In the long lineage of confessional singer-songwriters, Rafay Rashid has quietly emerged with a personal account on his new solo album Kitchen Weapons. Removing the bravado, swagger, and character of his ‘20s-dominating band Ravi Shavi, we glimpse Rashid opening up his journal and like a sommelier on some remote vineyard, pairing those entries with an array of fitting sounds, voices, tempos, and influences.
Opening with “Landlines” – a slow, staccato ballad all in on the downbeat piano, strumming guitars, and minor-fourth-resolved chords – the tone for this album immediately sets this project apart from Ravi Shavi. (I always thought of Ravi Shavi as fully Rashid with a band behind him, but this solo effort leads me to think that Ravi Shavi was a more band-oriented effort and this is something much different.)
“The album is so autobiographical that it only made sense for me to put this out under my own name,” Rashid says. “It’s charged by the fuel of coming to terms with my life as it really was. I think with a band there’s a certain desire to transcend the personal into something universal; this allowed me to just really stick in the pocket of relaying my own personal narrative. Oh, and it’s pretty much a break-up album, but also about addiction and growing up in America as a Pakistani immigrant, so it all just felt too personal to come from anywhere else. Parts of it just felt like writing in a journal.”
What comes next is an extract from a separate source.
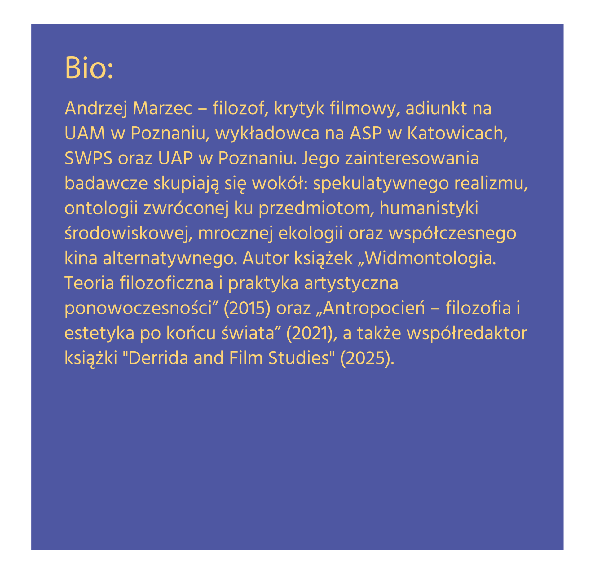 Wykład dr. Marca pod tytułem „Estetyka to nowa metafizyka” będzie okazją do wspólnej refleksji nad rolą estetyki we współczesnym myśleniu — nie tylko jako dziedziny sztuki, ale jako głębokiej percepcji świata, która może pełnić funkcję metafizycznego spojrzenia. Dr Marzec, filozof, krytyk filmowy i redaktor „Czasu Kultury”, często sięga po zagadnienia ontologii, spekulatywnego realizmu, teorie widm oraz idee związane z antropocenem. W swojej pracy łączy erudycyjne podejście z wrażliwością na praktyczne i artystyczne implikacje — co czyni jego wystąpienia szczególnie inspirującymi dla osób zajmujących się sztuką, teorią i refleksją estetyczną.

For those folks who have come to appreciate the garage pop aura of Ravi Shavi, they will be pleased to hear that same warm, tube-filled reverb sound on this effort. The overall ascetic remains Ravi-Shavi-esque in terms of production and tone, but has an analog feel with stand-out individualistic instrumentation that taps the various talents of Robbie Crowell, Amatto Zinno, Liz Isenberg, Steve Delmonico, Nick Politelli, Florence Wallis, Chris Ryan, and John McCauley of Deer Tick.
“Dennis Ryan was the mastermind behind the overall production and I trusted his vision completely,” Rashid notes of the producer/engineer/drummer and co-writer of arrangements. “The piano we recorded all the tracks on is slightly out of tune, so maybe that’s my signature piano tone now. I think it fits with how kind of messed up I was at the time of recording it. But, looking back, it was also like a moment of clarity while
writing the songs.”
Each track stands out individually, with “Monogamy” having a kind of ‘60s bedouin, equatorial discotech dub vibe that sounds wide open to live jam sessions and in a snap, the next track “Lizards and Iguanas’’ hits with slinky trombones, soprano sax solos, and duet vocals. Still ahead are tight, almost electronic-sounding drums and simple piano, accordion, and violins, as the tracks play forward. “I think this was the first album to not use my signature beat-up Traynor tube amp,” says Rashid.
The album release show took place July 21 at Machines with Magnets and Rashid is busy promoting the album, touring with Deer Tick, followed by plans to record with Lookers in the fall, and Ravi Shavi this winter.